Hal itu memang ada benarnya karena pada mie instant memiliki nilai gizi nutrisi (nutrition fact) yang belum lengkap sehingga alangkah baik jika dalam mengkonsumsi mi instant dipadukan dengan bahan-bahan lain yang dapat memenuhi kebutuhan gizi tubuh kita sehari-hari.
Berdasarkan hasil pantauan ternyata nilai gizi dari tiap rasa dalam satu merek yang sama punya kandungan gizi yang berbeda-beda. Contohnya pada produk Indomie di mana kadar gizi pada Indomie rasa soto mie berbeda jauh dengan kandungan gizi pada Indomie rasa baso sapi. Dari sisi energi yang bisa kita dapat dari tiap sebungkus mi instan pun dapat kita ketahui.

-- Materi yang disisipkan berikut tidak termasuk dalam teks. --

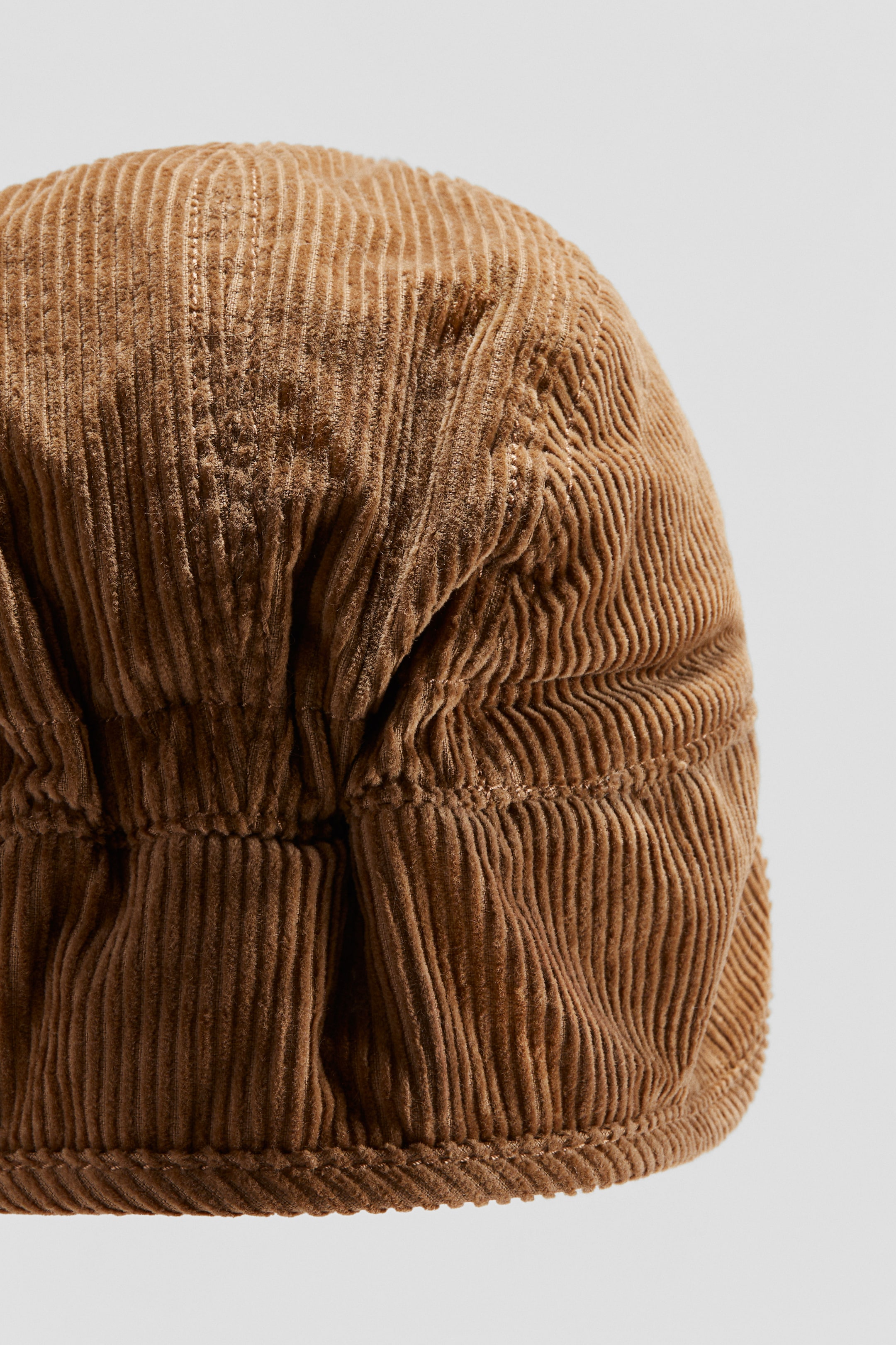 En keps i mjuk bomullsmanchester med foder i pile. Kepsen har klädd resår bak och nackskydd som fortsätter fram över öronen.
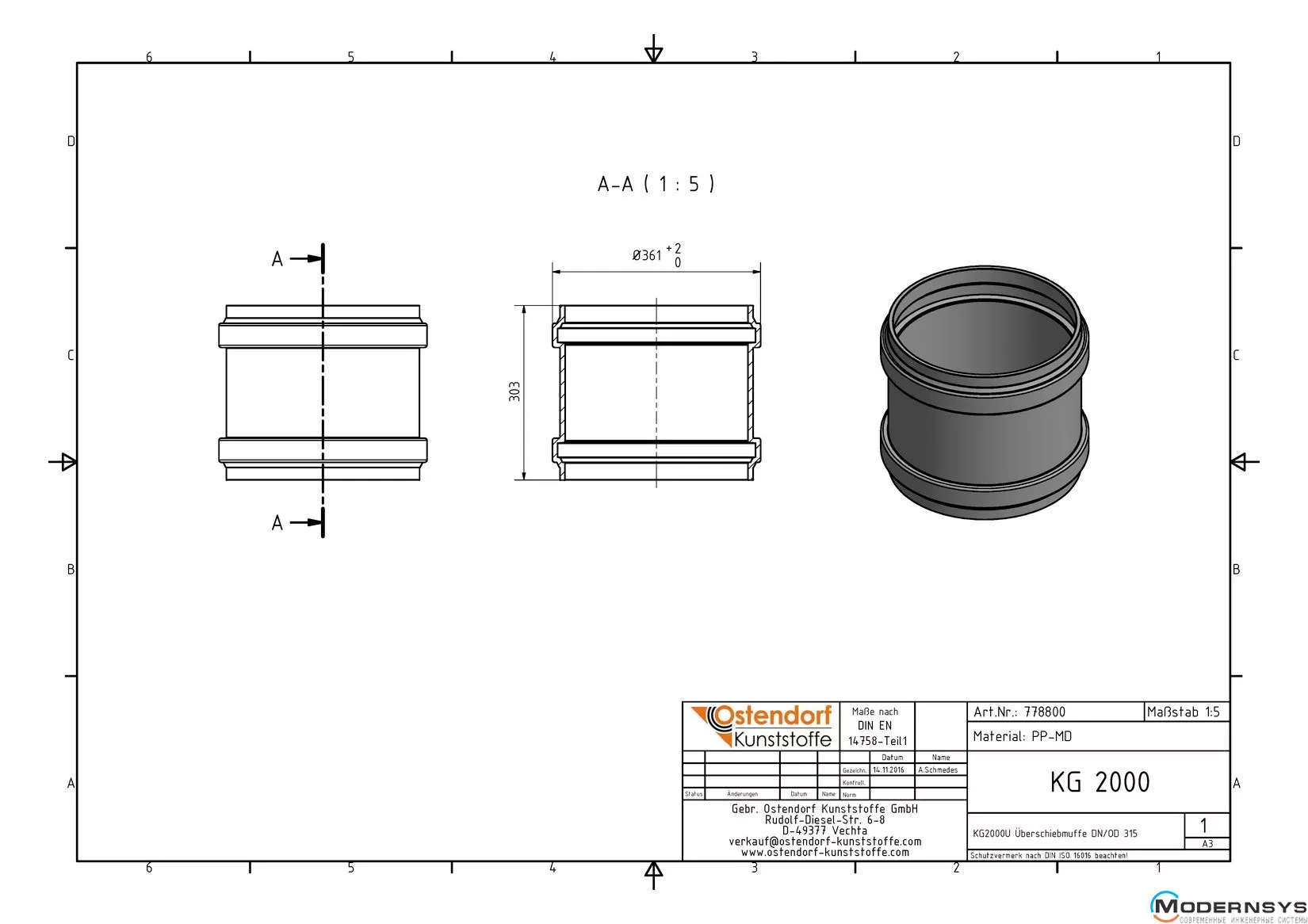 Технічні характеристики: Муфта каналізаційна ремонтна Ostendorf (Остендорф) KG2000U 315 мм
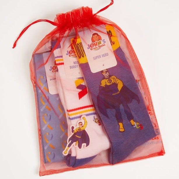This awesome gift bag includes three of our unique Down Syndrome Awareness theme socks and a fun Down Syndrome Superhero sticker - perfect to wear on March 21st!
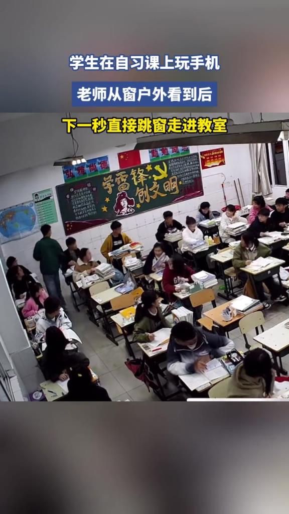 学生在自习课上玩手机,老师从窗户外看到后,直接跳窗走进教室
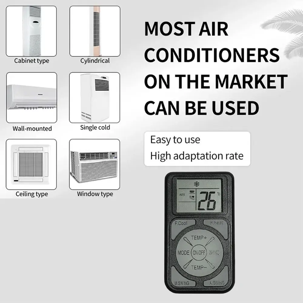 Universal AC Remote Control:Designed as a universal air conditioner remote, it is compatible with most major AC brands and supports essential functions such as temperature adjustment, fan speed, and mode control for convenient daily use.
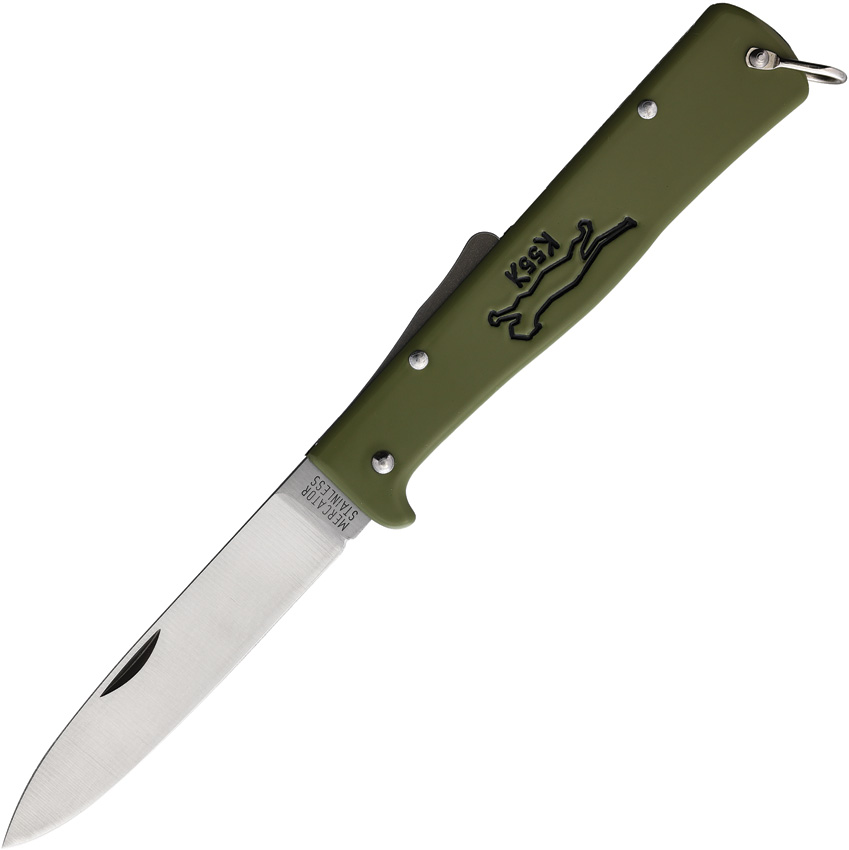 4.38″ (11.13cm) closed. 3.38″ (8.59cm) satin finish stainless spear point blade. Olive stainless handle. Bail. Hang packaged.
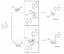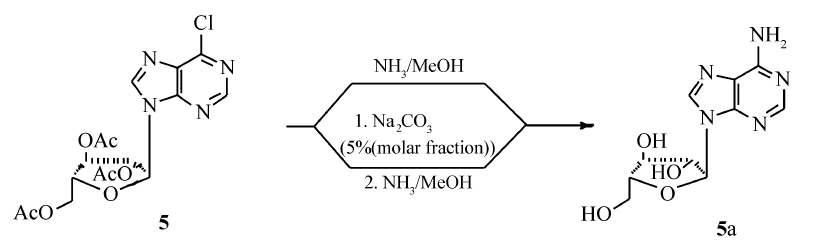 | tri-O-acetyl)-6-chloropurineside'> | Scheme 3 Deacetylation step of 9- α-D-(2',3',5'- tri-O-acetyl)-6-chloropurineside |
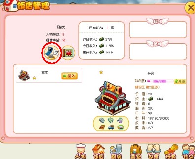 1,进入需要研发科技的饭店,在界面中点击“饭店科技”按钮,可以打开饭店科技界面;
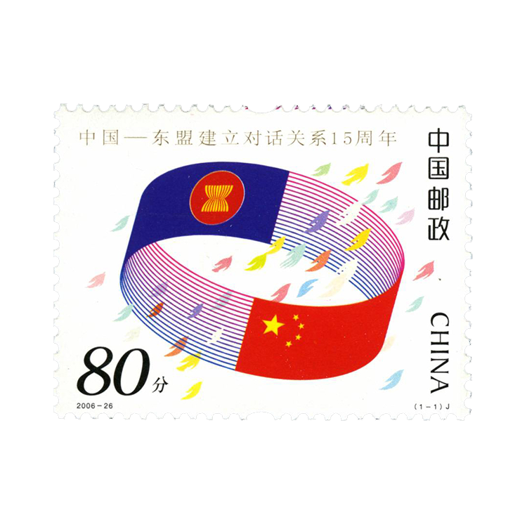 国家邮政局定于2006年10月30日发行《中国——东盟建立对话关系15周年》纪念邮票1套1枚。
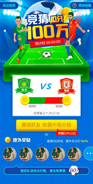 并在产品设计过程中把该动机充分放大,所以就有了动态的“投”按钮,两队PK的竞争图注、竞争的背景图、激情的开场音乐、“国安牛逼,踢谁谁歇逼”、“鲁能无所不能”这样的设计元素及文案。
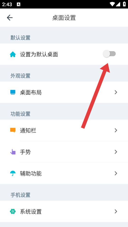 3、在桌面設置頁面,找到設置為默認桌面的選項,點擊其右側的開關。
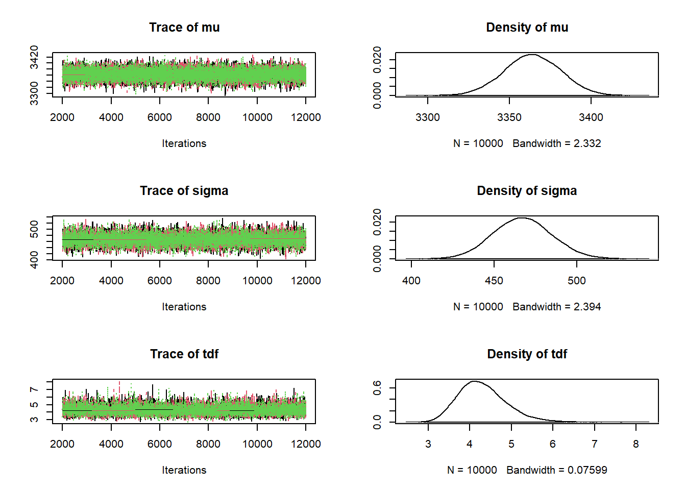 Nrep = 10000 Nchains = 3 # data # data has already been loaded in previous code # y is the full sample # n is the sample size # model model_string <- "model{ # Likelihood for (i in 1:n){ y[i] ~ dt(mu, 1 / sigma ^ 2, tdf) } # Prior mu ~ dnorm(3400, 1 / 100 ^ 2) sigma ~ dgamma(600 ^ 2 / 200 ^ 2, 600 / 200 ^ 2) tdf <- 1 + tdf0 tdf0 ~ dexp(1 / 29) }" # Compile the model dataList = list(y=y, n=n) model <- jags.model(textConnection(model_string), data=dataList, n.chains=Nchains)## Compiling model graph ## Resolving undeclared variables ## Allocating nodes ## Graph information: ## Observed stochastic nodes: 1000 ## Unobserved stochastic nodes: 3 ## Total graph size: 1021 ## ## Initializing modelupdate(model, 1000, progress.bar="none") posterior_sample <- coda.samples(model, variable.names=c("mu", "sigma", "tdf"), n.iter=Nrep, progress.bar="none") # Summarize and check diagnostics summary(posterior_sample)## ## Iterations = 2001:12000 ## Thinning interval = 1 ## Number of chains = 3 ## Sample size per chain = 10000 ## ## 1. Empirical mean and standard deviation for each variable, ## plus standard error of the mean: ## ## Mean SD Naive SE Time-series SE ## mu 3363.86 17.292 0.09983 0.12766 ## sigma 467.18 17.753 0.10250 0.20309 ## tdf 4.31 0.583 0.00336 0.00678 ## ## 2. Quantiles for each variable: ## ## 2.5% 25% 50% 75% 97.5% ## mu 3329.69 3352.3 3363.82 3375.72 3397.52 ## sigma 433.07 455.0 466.99 478.95 502.72 ## tdf 3.34 3.9 4.25 4.65 5.61plot(posterior_sample)
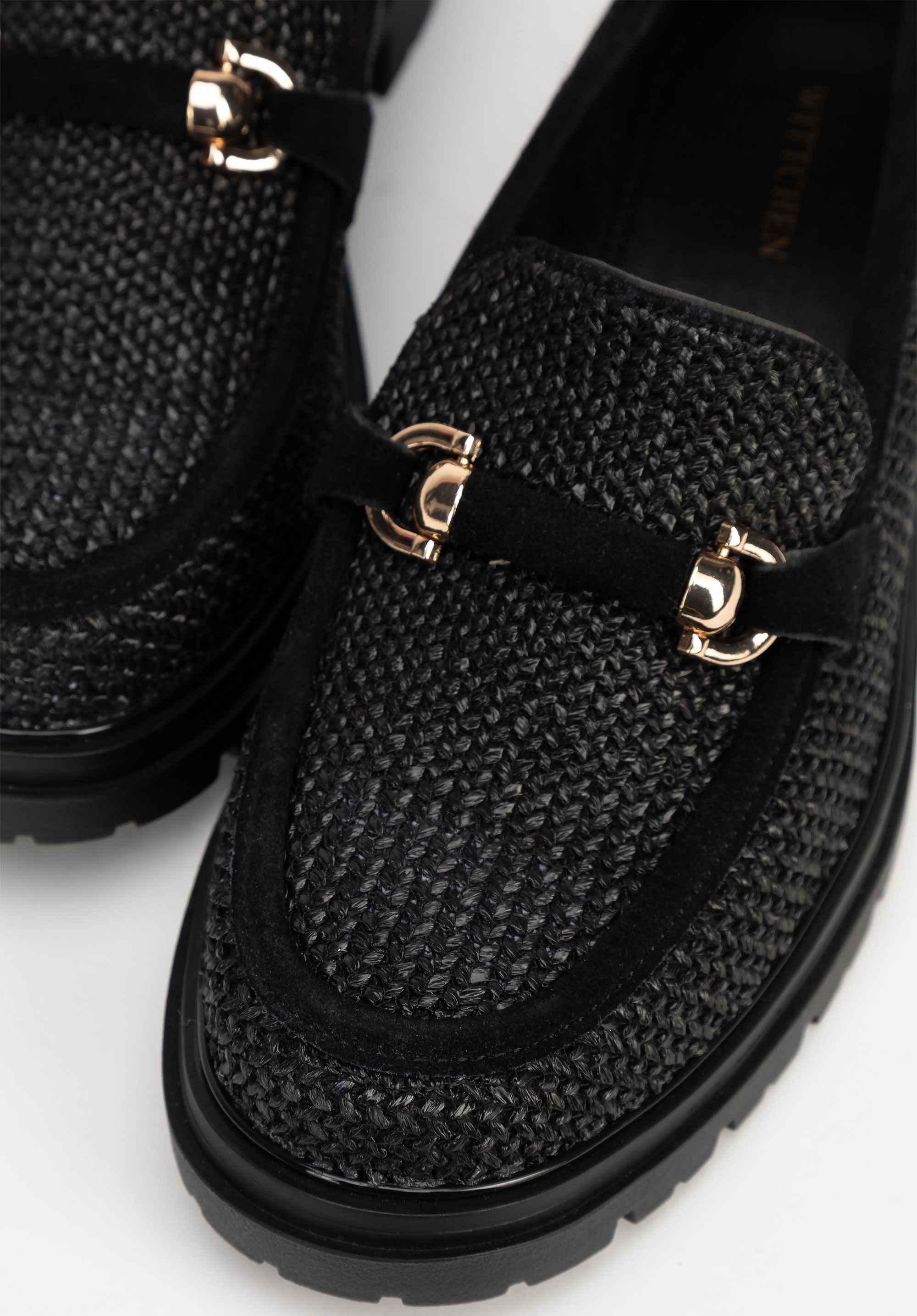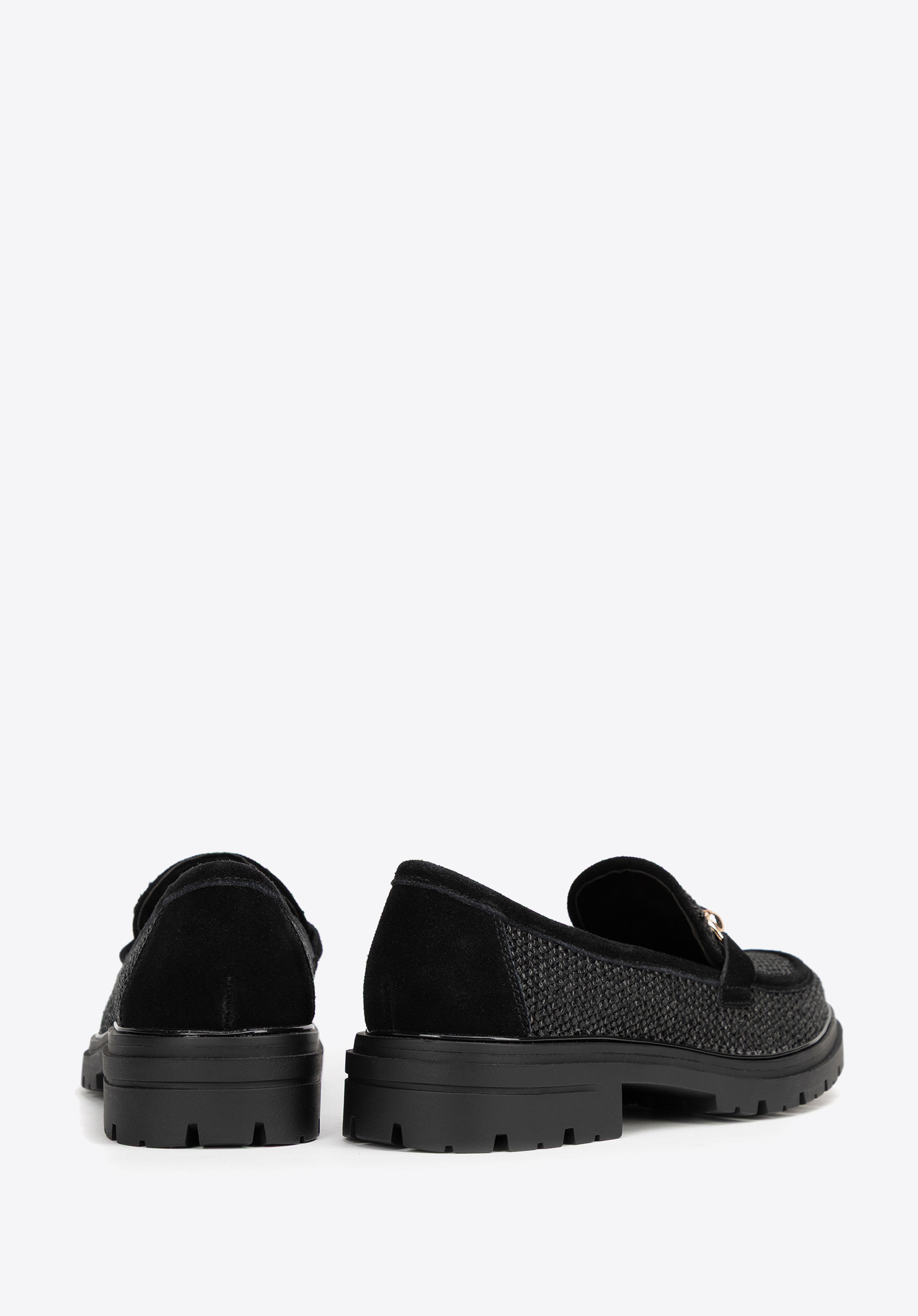 Veredeln Sie Ihren Stil mit Loafern , die natürliche Eleganz mit modernem Design verbinden. Dieses Modell aus auffälligem Kunstbast und weichem Wildleder besticht durch seine einzigartige Webstruktur und die dekorative Schnalle und verleiht ihm einen Hauch von Raffinesse. Die Slip-On-Konstruktion sorgt für Komfort, während die Plateausohle die Silhouette dezent streckt und so Stabilität und Tragekomfort bietet.

Namun yang perlu diketahui adalah bahwa kebutuhan gizi untuk tiap-tiap orang adalah berbeda-beda dan dalam tiap bungkus mie instant belum tentu memiliki kandungan yang sama persis seperti pada informasi nilai gizi pada kemasan pembungkus. Dari info gizi tersebut seharusnya kita dapat melengkapi kekurangan gizi dari tiap bungkus mi instan dan menghindari kelebihan kadar gizi pada tubuh kita.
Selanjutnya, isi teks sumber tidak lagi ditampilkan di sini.